» Assignment:
Your answer should be the lines from the one with "0 Screenshot 2025-06-24" to the end of the data below, both included, exact and free of pictures.

● ● ● ● ● ● ●

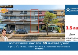 ขายอาคารพาณิชย์ เทพารักษ์ 60 ม.ศรีเจริญวิลล่า ขนาด 1 คูหา 3 ชั้นครึ่ง 18 ตรว. ใกล้รพ.สินแพ
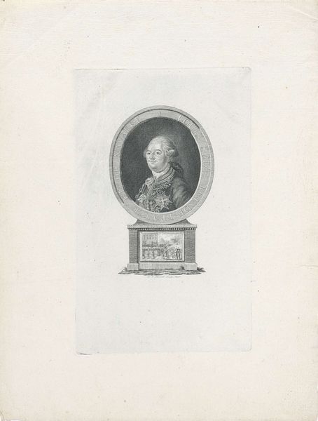 Curator: Let's talk about this print, "Portret van Maria Louisa van Hessen-Kassel," created by Reinier Vinkeles sometime between 1771 and 1816. It's currently held here at the Rijksmuseum. The work is an engraving. Editor: First blush? Regal. Like a slightly stern grandma about to dispense some incredibly wise advice, wrapped in an almost aggressively Baroque package. Those roses below feel...optimistic, I guess? Curator: "Regal" captures a crucial aspect of the piece, absolutely. Maria Louisa was a princess, and representations like these helped cement dynastic power, but also propagated gendered ideals of aristocratic femininity. How does her portrayal reflect that, in your view? Editor: The controlled chaos of the hair, for sure, and the way her garments drape, implying volume without revealing. A powerful ruler is embodied but not defined. Yet, there's also a certain frankness; the engraver doesn't soften or idealize every feature, which I kind of dig. The aged paper feels very tactile somehow, an element of truth showing the passing of time! Curator: Yes! And that 'frankness,' as you call it, walks the line between individual character and the requirements of formal portraiture. In many ways the artist negotiates political and aesthetic demands in representing the female body. But the image and object also speak to larger narratives of women, representation, and power in eighteenth-century Europe. Editor: Which makes you wonder about her actual story, beyond just being a "princess." Was she a rebel? A scholar? A gardener sneaking extra cuttings for the poor when no one was looking? Maybe. Curator: Or perhaps she was bound by a framework from which escape was never a true option. What intrigues you most as you reflect on this work now? Editor: I suppose the collision of the idealized container – the formal frame, the very technique of engraving – with something like raw human essence. It creates a poignant tension, almost as if she’s peering out, wanting to wink. Curator: It also underscores art's fascinating power to reveal not just an individual, but the societal forces that shaped their identity.
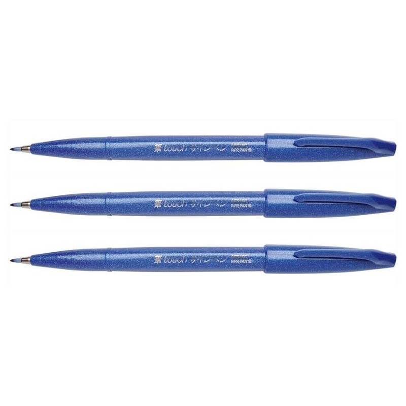 Pentel Sign Pen SES15 Set of 3 Felt Pens Flexible Brush Tip Blue
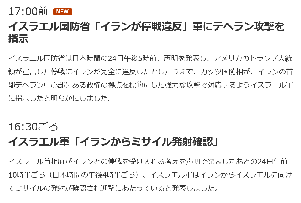 0 Screenshot 2025-06-24 at 17-45-40 【速報中】イスラエル「イランが停戦違反」軍に攻撃を指示 NHK トランプ大統領 2025年06月24日17:45 | カテゴリ: Xで共有
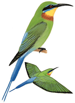 外形特征:成年栗喉蜂虎通体绿色,蓝尾突出,脸带窄蓝斑及黑眼纹,喉部及脸颊为栗红至棕黄色,腹部绿色,尾羽下覆羽蓝色。虹膜深红色。雌雄外观相似。幼鸟色彩较淡,喉部棕黄,尾部较短,无成鸟的长尾羽,头部与身体边缘白色。成鸟尾羽中央两根特别延长。
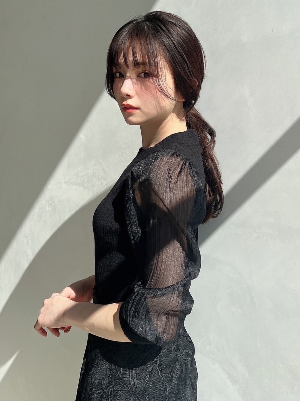 トップスにシアー感のあるアイテムを選んで、春でも重たくなりすぎないブラックコーデに✨ 肌寒い時期にはあえてカラーのアウターを合わせて、春気分をUP♪
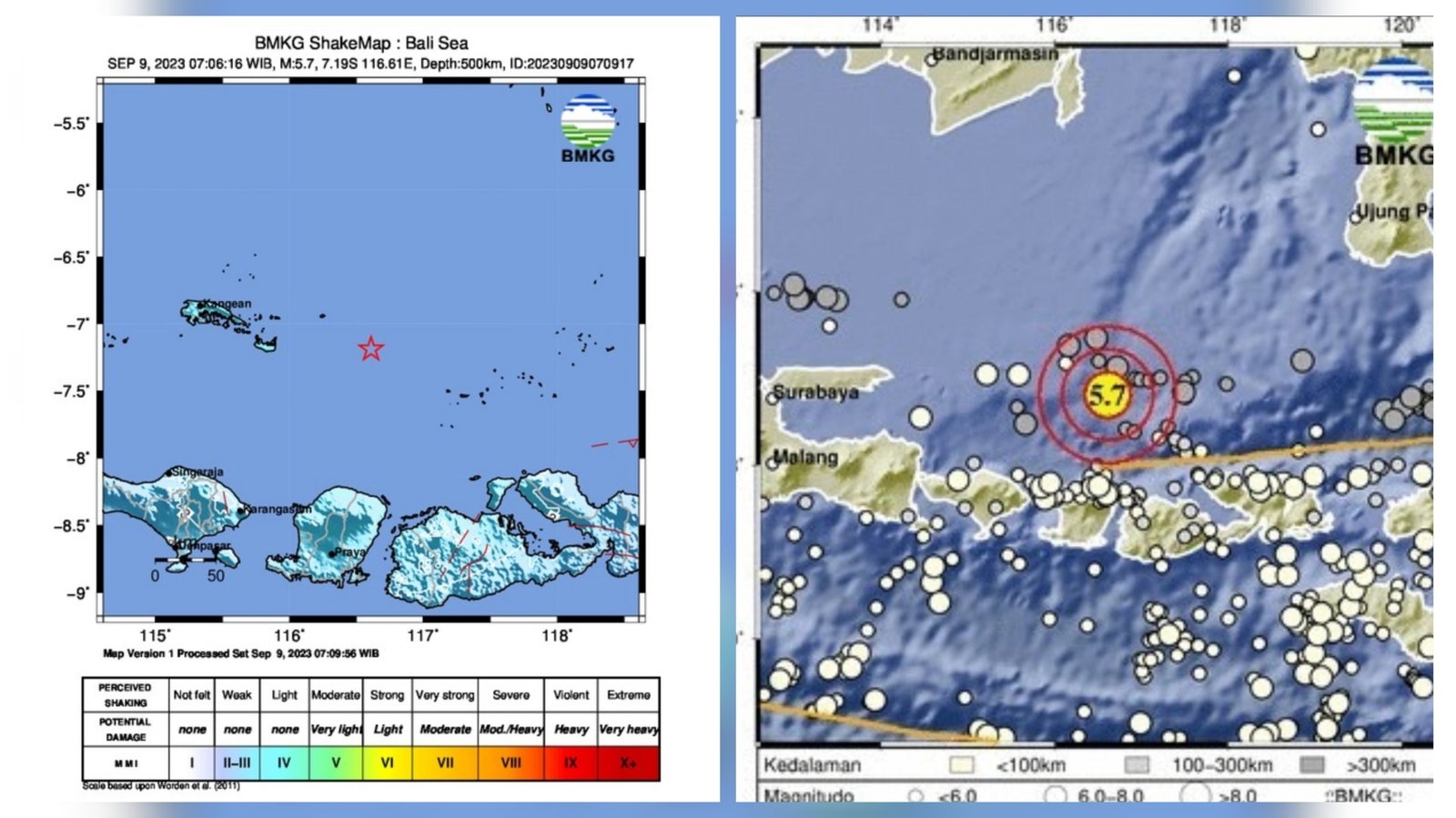 Kolase tabel: Gempabumi tektonik M5,8 Sabtu (9/9/2023) pukul 07.06.16 WIB. Episenter gempabumi terletak pada koordinat 6.96° LS ; 116,52° BT, atau tepatnya berlokasi di laut pada jarak 160 km Timur Laut Lombok Utara, Nusa Tenggara Barat pada kedalaman 511 km. (Sumber: BMKG)

● ● ● ● ● ● ●

» Exercise result:
 0 Screenshot 2025-06-24 at 17-45-40 【速報中】イスラエル「イランが停戦違反」軍に攻撃を指示 NHK トランプ大統領 2025年06月24日17:45 | カテゴリ: Xで共有
 外形特征:成年栗喉蜂虎通体绿色,蓝尾突出,脸带窄蓝斑及黑眼纹,喉部及脸颊为栗红至棕黄色,腹部绿色,尾羽下覆羽蓝色。虹膜深红色。雌雄外观相似。幼鸟色彩较淡,喉部棕黄,尾部较短,无成鸟的长尾羽,头部与身体边缘白色。成鸟尾羽中央两根特别延长。
 トップスにシアー感のあるアイテムを選んで、春でも重たくなりすぎないブラックコーデに✨ 肌寒い時期にはあえてカラーのアウターを合わせて、春気分をUP♪
 Kolase tabel: Gempabumi tektonik M5,8 Sabtu (9/9/2023) pukul 07.06.16 WIB. Episenter gempabumi terletak pada koordinat 6.96° LS ; 116,52° BT, atau tepatnya berlokasi di laut pada jarak 160 km Timur Laut Lombok Utara, Nusa Tenggara Barat pada kedalaman 511 km. (Sumber: BMKG)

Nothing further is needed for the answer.